O próprio pai de Dora ajudou Freud a identificar o evento traumático que teria levado Dora
ter “abatimento, irritabilidade e ideias suicidas”. Seria a suposta fantasia de ter sido
assediada pelo Sr. K e o desejo obstinado de que o pai rompesse relações com o casal.

Perspicaz, Freud coloca sob suspeita essa explicação do pai porque em outro momento ele
havia atribuído o comportamento atípico de Dora às excentricidades da mãe.
Além disso, Freud decide não tomar de imediato a fala do pai como a verdade sobre o caso,
pois precisava ouvir também “o outro lado”, ou seja, a versão da própria paciente.

Em seguida, Freud já dá mostras de acreditar na versão de Dora ao dizer que a “experiência”


de ter sido assediada pelo Sr. poderia ser tomada como o trauma psíquico que, do ponto de
vista teórico, seria uma condição prévia necessária para o advento da histeria

Todavia, considerando que, no quadro clínico, estão presentes sintomas que já haviam
surgido antes do trauma e que vinham desde a infância, Freud considera necessário
investigar o que, no passado, pode ter exercido um “efeito análogo ao de um trauma”.

Dora, então, conta a Freud que já havia sido assediada pelo Sr.

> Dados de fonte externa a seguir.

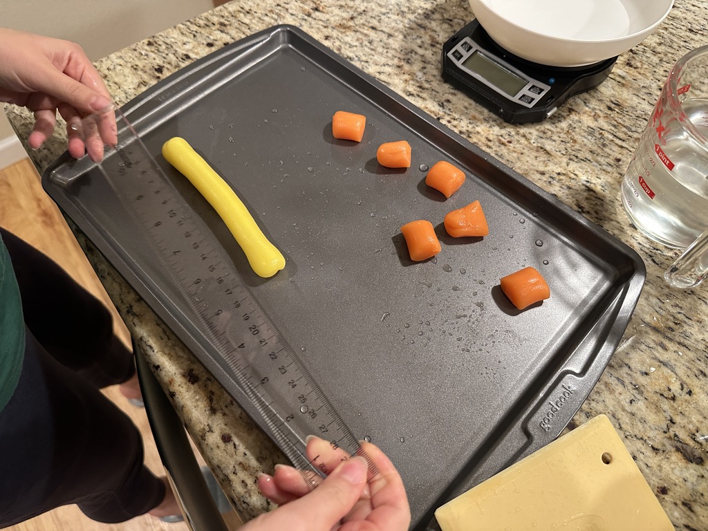 - Use a bench scraper to cut the uiro into pieces. If you cut pieces too big or too small, uiro tolerates adding more material and re-kneading well.
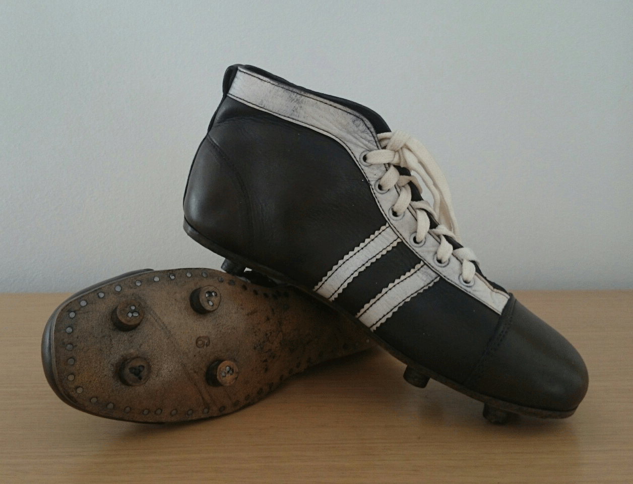 En la década de 1940 la tecnología para producir botas reglamentarias de fútbol era prácticamente la misma. Las botas seguían siendo de auténtica piel y con tacos de madera. Pero la altura del botín descendió un poco respecto sus antecesores. En cuanto al diseño van apareciendo más emotivos decorativos. Por ejemplo se tintaban partes de las botas de color blanco para que fueran más llamativas. El color predominante seguía siendo negro. |
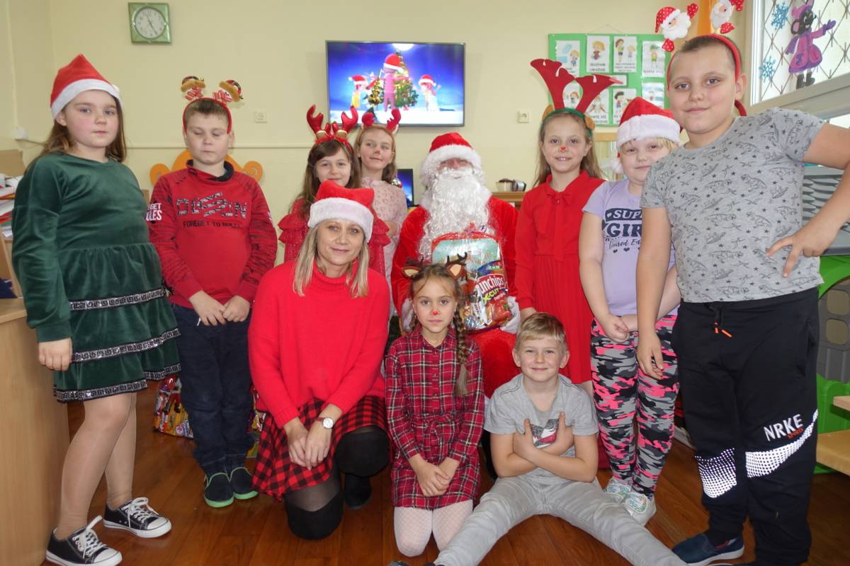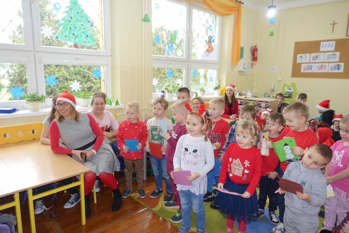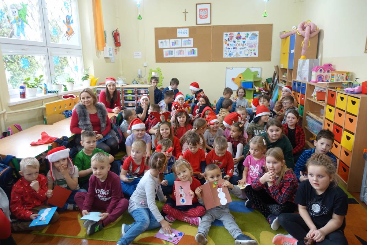 z niecierpliwością czekały na gościa. Już od samego rana przedszkolaki nasłuchiwały dźwięku dzwonka Św. Mikołaja. Pomimo braku białego puchu we wczesnych godzinach rannych przybył do dzieci Św. Mikołajw asyście swoich pomocników . Gdy tylko gość wszedł do sali, na buziach przedszkolaków i pozostałych uczniów pojawiły się uśmiechy i radość. Wcześniej maluchy nauczyły się wierszyka, który ochoczo zaprezentowały oraz przekazały na ręce gościa własnoręcznie wykonane kartki świąteczne. Na koniec Mikołaj obdarował wszystkich prezentami przygotowanymi przy pomocy Rady Rodziców. Po wykonaniu wspólnego zdjęcia dzieci podziękowały i pożegnały Mikołaja. Spotkanie minęło w bardzo miłej atmosferze.
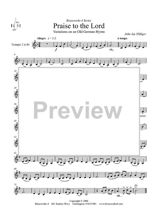 Digital Sheet Music for Praise to the Lord - Trumpet 2 in B-flat by John Jay Hilfiger scored for Brass Quartet; id:321399
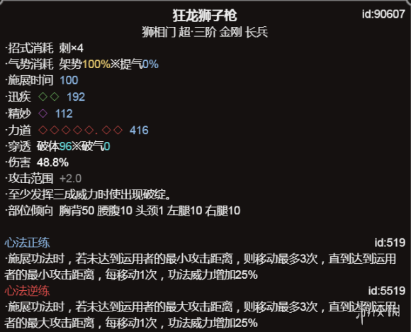 狂龙狮子枪攻击范围+2,施展速度100,已是佼佼者。
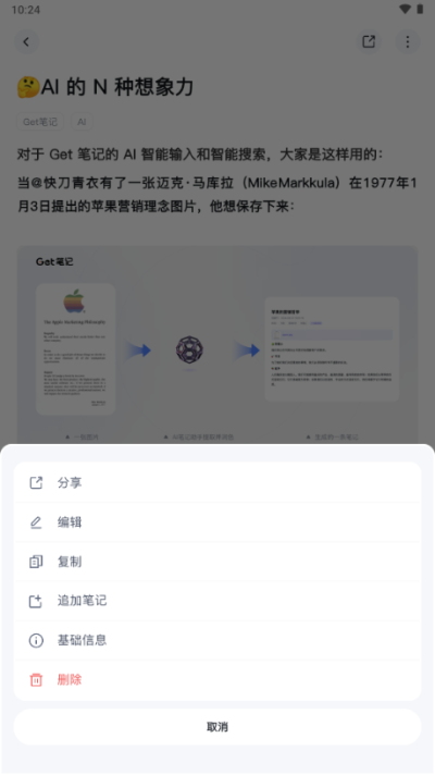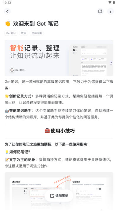 get笔记app是一款ai笔记记录创作工具,软件界面简洁直观,所有功能齐全且免费,用户可以在线记录各种信息资讯内容,还可以插入图片,智能ai工具帮助你润色笔记,对软件感兴趣的话不妨点击下载试试!

K quando tinha 14 anos. O
homem lhe agarrara e lhe roubara um beijo em sua loja comercial. A jovem sentiu uma
“violenta repugnância” e não contara isso para ninguém até então.

Chama a atenção de Freud o fato de Dora alegar ter sentido um forte nojo ao invés de “uma
nítida sensação de excitação sexual” que, do ponto de vista do médico, seria a reação
normal para uma “mocinha virgem de quatorze anos”.